Data shown:

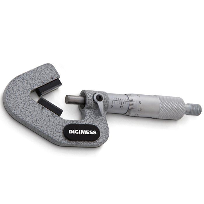Micrômetro Externo Batentes em V - Cap. 65-80mm(3 Cortes) - Ref. 113.077 - DIGIMESS O Micrômetro é um instrumento de leitura direta das dimensões reais do objeto, com precisão da ordem de milésimos. Ele é utilizado, principalmente, para medições de precisão superior a do paquímetro e para medidas de profundidade. ESPECIFICAÇÕES: - Usados para medição de diâmetros externos de ferramentas de corte com número ímpar de cortes;
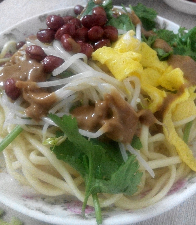 生抽适量;芝麻酱适量;醋适量;咸菜适量;花生米适量;蒜泥适量;
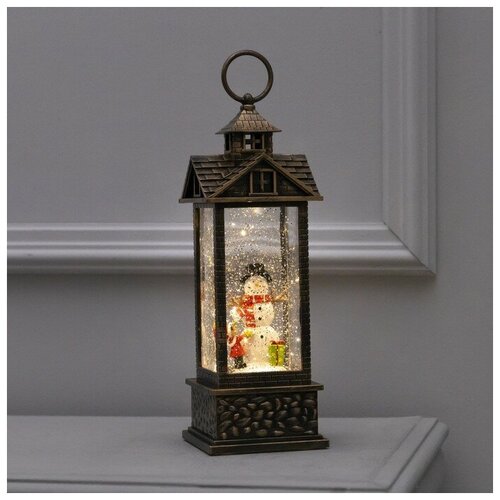 Новогодний декоративный фонарик с подсветкой и снегом | LED-Светильник в ретро-стиле "Снеговичок", 13 см 13х5,5х5,5 см Под бронзу
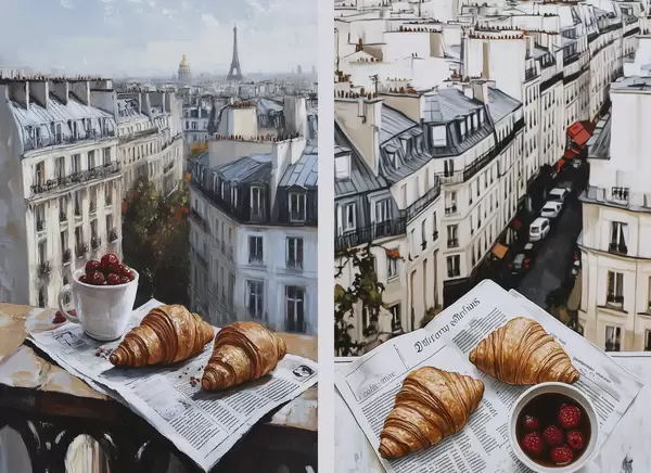 Poster Linnavaade Pariisi rõdult, Eiffeli torn, maasikad, kohv, päevik Nr d00445

Activity: Would you copy all the material exactly, dropping the pictures?

Written response:
Micrômetro Externo Batentes em V - Cap. 65-80mm(3 Cortes) - Ref. 113.077 - DIGIMESS O Micrômetro é um instrumento de leitura direta das dimensões reais do objeto, com precisão da ordem de milésimos. Ele é utilizado, principalmente, para medições de precisão superior a do paquímetro e para medidas de profundidade. ESPECIFICAÇÕES: - Usados para medição de diâmetros externos de ferramentas de corte com número ímpar de cortes;
 生抽适量;芝麻酱适量;醋适量;咸菜适量;花生米适量;蒜泥适量;
 Новогодний декоративный фонарик с подсветкой и снегом | LED-Светильник в ретро-стиле "Снеговичок", 13 см 13х5,5х5,5 см Под бронзу
 Poster Linnavaade Pariisi rõdult, Eiffeli torn, maasikad, kohv, päevik Nr d00445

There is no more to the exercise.